Democrats Want to Volcker Rule to Be Clear About Banks Being Allowed to Invest in Venture Capital Funds
With regulators tasked with finalizing the Volcker rule, Democratic lawmakers want them to make sure that the rule makes clear that banks are allowed to invest in venture capital funds. The proposed rule is geared toward lowering financial system risk by not letting banks to take part in proprietary trading, while limiting how much they can invest in private equity and hedge funds.
The lawmakers, 26 of whom have written to the federal agencies working on the rule, noted that venture capital firms are not as high risk as private equity and hedge funds. The Volcker rule would be an implementation of the Dodd-Frank Wall Street Reform and Consumer Protection Act’s Section 619. Once finalized, it will go into effect on July 21.

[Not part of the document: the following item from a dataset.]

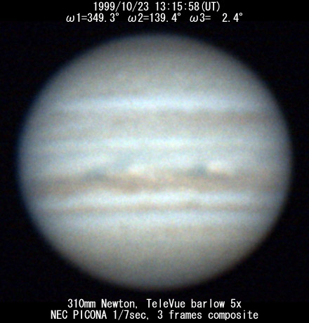 ![]() No.129 1999/10/23 13:15:58(UT) I=349.3 II=139.4 III= 2.4 | ![]() 310mm Newton(F5) TeleVue barlow 5x NEC PICONA 1/7sec 3 frames composite

Meantime, European Union Council of Ministers President Margrethe Vestager wants to make sure that the Volcker rule treats non-U.S. sovereign debt and US government securities the same. Vestager wrote to Federal Reserve Chairman Ben Bernanke making her case that the federal agencies need to make sure the extraterritorial application of the Volcker rule doesn’t happen. Vestager is concerned that otherwise the competition for non-US banks would be impeded.
She called on Bernanke to make sure the demarcation between proprietary trading and market-making that is beneficial is made clear so markets can keep working effectively and properly and banks don’t have to curb their market-making. Vestager said that currently, the proposed rule takes US government securities out of its scope, but that non-US government securities remain within. She says this would create an uneven playing field where US treasury bonds would have the advantage over EU sovereign debt in the sovereign debt markets. She also expressed worry that the rule’s proprietary trading ban would impact non-US banks if their trades were to occur through US counterparties and exchanges. Similar concerns have been expressed by European Commissioner for Internal Markets and Services, Michel Barnier. Speaking at a US Chamber of Commerce event, he said that it wouldn’t be acceptable for US rules to so widely impact foreign capital markets and other countries especially with a lack of “international coordination.” Asian governments have also expressed concerns about the rule’s potential reverberations.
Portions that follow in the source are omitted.